■ **Problem to work on**: Your task is to output the listing exactly, leaving every image out.

■ **The data**:

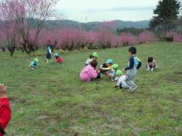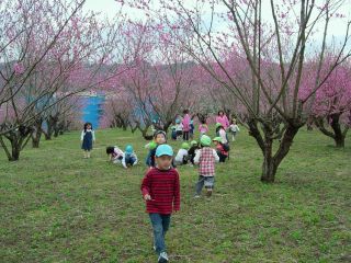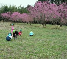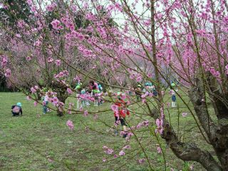 | 桃の花を通り抜けると、広い草原、そしてそこからは埼玉県飯能市の小学校が見えました。 東京都と埼玉県の境です。 内緒の話だけど、園長先生が小さいころは、ここで男の子たちが埼玉対東京の戦いをしたって。 戦場ヶ原!!?? うそ、ほんと? それより、卒園したAちゃんや、Yちゃんが行ってる学校だよね〜。こんなに近いんだ。 |
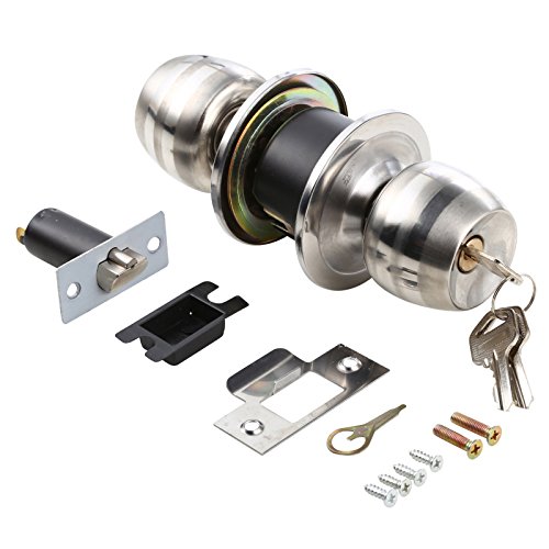-. Title : UHPPOTE Stainless Steel Round Cylindrical Lever Handle Knob Door Entry Bedroom Mortise Lock With Key Assisted
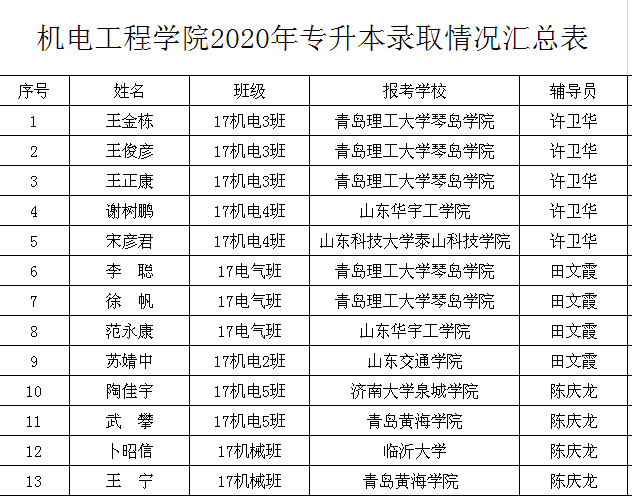 日前,山东省2020年专升本成绩揭晓。Betway体育西汉姆联机电工程学院2020年参加专升本考试共计28人,录取13人,录取率达46.43%。其中王金栋、王俊彦、王正康、李聪、徐帆等考入青岛理工大学琴岛学院;谢树鹏、范永康等考入山东华宇工学院;宋彦君考入山东科技大学泰山科技学院;苏婧中考入山东交通学院;陶佳宇考入济南大学泉城学院;卜昭信考入临沂大学;王宁、武攀等考入青岛黄海学院。
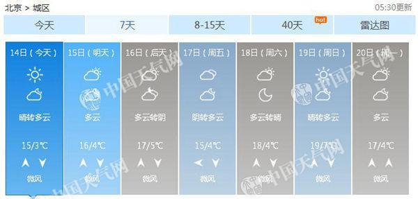 上周末,北京氣溫可謂是“跌宕起伏”,在11日飆至近20℃后,在冷空氣影響下又急轉(zhuǎn)直下,12日最高氣溫降至13.5℃,降幅超過6℃。昨天開始,冷空氣影響減弱,最高氣溫升至15℃左右。今天,北京最高氣溫仍將維持在15℃左右,最低氣溫2℃。
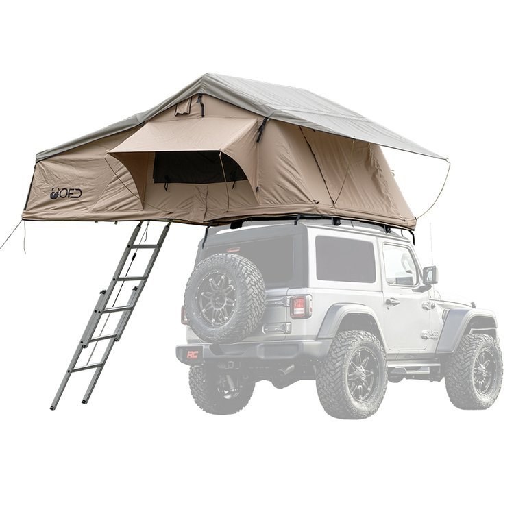 Vyberte si stan z OFD, ve kterém je vchod a všechna okna vybavena otevřenými moskytiérami . Okna lze navíc zakrýt proti dešti. Pevný hliníkový žebřík je oporou našeho střešního stanu a lze jej snadno nastavit na výšku vašeho vozu. Kryt stanu v černém provedení je připevněn silným suchým zipem a třemi pásky. Podlaha je vyrobena z vícevrstvého izolačního materiálu (typ sandwitch) a je namontována na rámu.
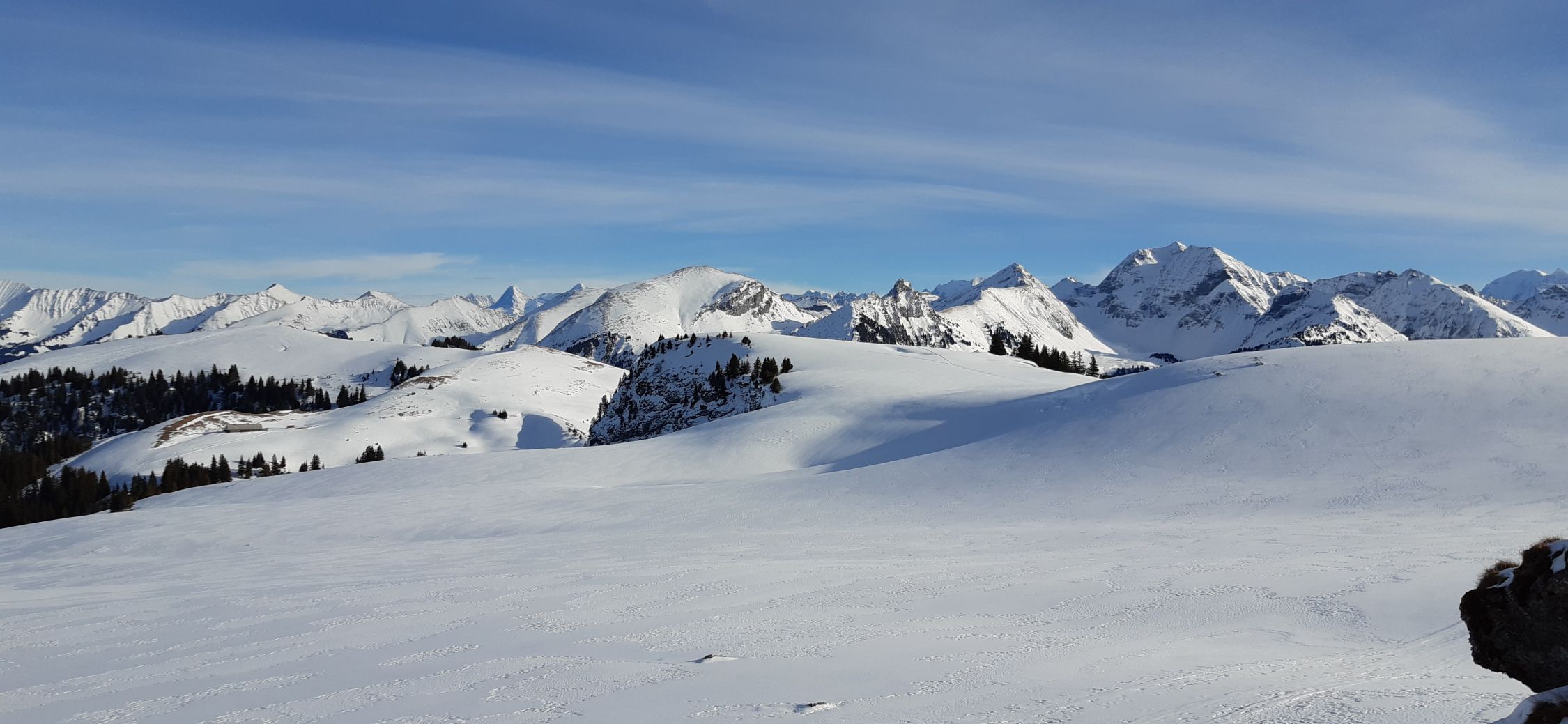 Sehr warm und ziemlich sonnig. Genügend Schnee ab Parkpkatz. Der Schnee schwindet und leidet unter den warmen Temperaturen, er ist meist nass, aber gut fahrbar.

■ **Exercise result**:
 | 桃の花を通り抜けると、広い草原、そしてそこからは埼玉県飯能市の小学校が見えました。 東京都と埼玉県の境です。 内緒の話だけど、園長先生が小さいころは、ここで男の子たちが埼玉対東京の戦いをしたって。 戦場ヶ原!!?? うそ、ほんと? それより、卒園したAちゃんや、Yちゃんが行ってる学校だよね〜。こんなに近いんだ。 |
-. Title : UHPPOTE Stainless Steel Round Cylindrical Lever Handle Knob Door Entry Bedroom Mortise Lock With Key Assisted
 日前,山东省2020年专升本成绩揭晓。Betway体育西汉姆联机电工程学院2020年参加专升本考试共计28人,录取13人,录取率达46.43%。其中王金栋、王俊彦、王正康、李聪、徐帆等考入青岛理工大学琴岛学院;谢树鹏、范永康等考入山东华宇工学院;宋彦君考入山东科技大学泰山科技学院;苏婧中考入山东交通学院;陶佳宇考入济南大学泉城学院;卜昭信考入临沂大学;王宁、武攀等考入青岛黄海学院。
 上周末,北京氣溫可謂是“跌宕起伏”,在11日飆至近20℃后,在冷空氣影響下又急轉(zhuǎn)直下,12日最高氣溫降至13.5℃,降幅超過6℃。昨天開始,冷空氣影響減弱,最高氣溫升至15℃左右。今天,北京最高氣溫仍將維持在15℃左右,最低氣溫2℃。
 Vyberte si stan z OFD, ve kterém je vchod a všechna okna vybavena otevřenými moskytiérami . Okna lze navíc zakrýt proti dešti. Pevný hliníkový žebřík je oporou našeho střešního stanu a lze jej snadno nastavit na výšku vašeho vozu. Kryt stanu v černém provedení je připevněn silným suchým zipem a třemi pásky. Podlaha je vyrobena z vícevrstvého izolačního materiálu (typ sandwitch) a je namontována na rámu.
 Sehr warm und ziemlich sonnig. Genügend Schnee ab Parkpkatz. Der Schnee schwindet und leidet unter den warmen Temperaturen, er ist meist nass, aber gut fahrbar.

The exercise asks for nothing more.